Over four decades, Mr. Lee wrote more than two dozen stage works, scouring American history for his subjects and characters.

In “Black Eagles,” he wrote about Black fighter pilots in Italy in World War II. In “Ground People” (originally titled “The Rabbit Foot”), he wrote about Southern Black sharecroppers and visiting minstrel-show performers in the 1920s. In “Blues in a Broken Tongue,” the daughter of a family that had moved to Russia in the 1930s as an escape from racism discovers a pile of recordings by Billie Holiday, Paul Robeson and others and reconsiders her heritage. An early play, “The War Party,” was about the conflicts within a community civil rights organization in the 1960s.

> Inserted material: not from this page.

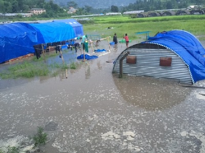 im Monsun: Regen im Überfluss, auch in den Zelten und Hütten !

In “The Book of Lambert,” written in the 1970s and set contemporaneously on an abandoned New York subway platform, a Black intellectual has been reduced to despair by the loss of the White woman he loves. In “Colored People’s Time,” Mr. Lee presented a century of Black history, from the Civil War to the dawn of the civil rights movement, in a pageantlike parade of vignettes.

“One can be Black and also many other things,” Mr. Lee said in a 1975 interview about his writerly concerns. “I want to expand the thinking of Blacks about themselves.”